Shaw paints a more interesting picture. Killgallen was a celebrity (journalist and TV personality) in her own right, who had made something of a specialty of covering high profile criminal trials. From early on, she filed stories about the JFK/ Oswald killings that questioned the thinking of the authorities. See, e.g., her 11/29/63 column entitled “The Oswald File Must Not Close,” published 7 days after JFK was killed and 5 days after Ruby shot Oswald. In it, she staked out a position directly contrary to statements from Dallas police chief Jesse Curry and FBI head J. Edgar Hoover that Oswald had acted alone.

“The case is closed, is it? Well, I’d like to know how, in a big smart town like Dallas, a man like Jack Ruby – owner of a striptease honky tonk – can stroll in and out of police headquarters as if it were a health club at a time when a small army of law enforcers is keeping a ‘tight security guard’ on Oswald. Security! What a word for it.”

Kilgallen attended the Ruby trial in early 1964, and her presence was noted by all concerned. She shared several meals with Belli, and lobbied him and his co-counsel for access to the defendant – eventually succeeding. Other reporters were not standing nearby when Kilgallen spoke to Ruby in the courtroom, according to Shaw, and there was a subsequent conversation between Kilgallen and Ruby, about 15 minutes in duration, that took place in an interview room.

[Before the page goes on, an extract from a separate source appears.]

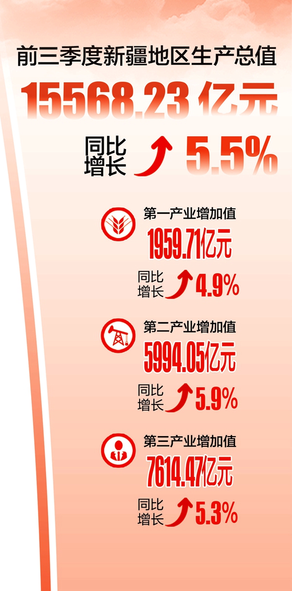 10月27日,前三季度新疆经济运行成绩单出炉:根据地区生产总值统一核算结果,前三季度新疆地区生产总值15568.23亿元,按不变价格计算,同比增长5.5%。

Nobody knows what Ruby said to Kilgallen, but she continued writing stories to the effect that further investigation was needed. After the Warren report was issued later that year, for example, she characterized it in a column as “laughable.” She also intimated to a few close friends, without providing details, that her investigation could “crack the case wide open.” Among other things she took a hush, hush trip to New Orleans and was planning a second one.

Kilgallen was writing a book about criminal cases she had covered during the course of her career, and apparently envisioned another book about the JFK/Oswald/Ruby case. Her file for the latter project kept getting fatter; it’s not known if she shared the contents with anyone.

Was Kilgallen really on to something or pursuing a will of the wisp? Whatever, one can readily imagine that various people – including the FBI and mobsters like Carlos Marcello - may have been concerned. Anyway, she died in the early morning hours of 11/8/65, after ingesting a lethal combination of alcohol and barbiturates. Was it suicide (no one thought she seemed depressed), an accidental overdose, or murder?

Reasonable minds could differ on that one, no doubt, but the death investigation was badly botched. Also a team of supposed FBI agents showed up at Kilgallen’s townhouse, barged in, and took all of Kilgallen’s papers and files with them when they left. Unless and until these papers resurface, Kilgallen’s secrets will remain unknown.

In 2017, Shaw persuaded the “cold case” unit of the Manhattan District Attorney’s Office to reopen the 1965 death investigation, but this door was mysteriously slammed shut several months later. Too bad, no one can say Shaw didn’t try to find justice for Dorothy Kilgallen.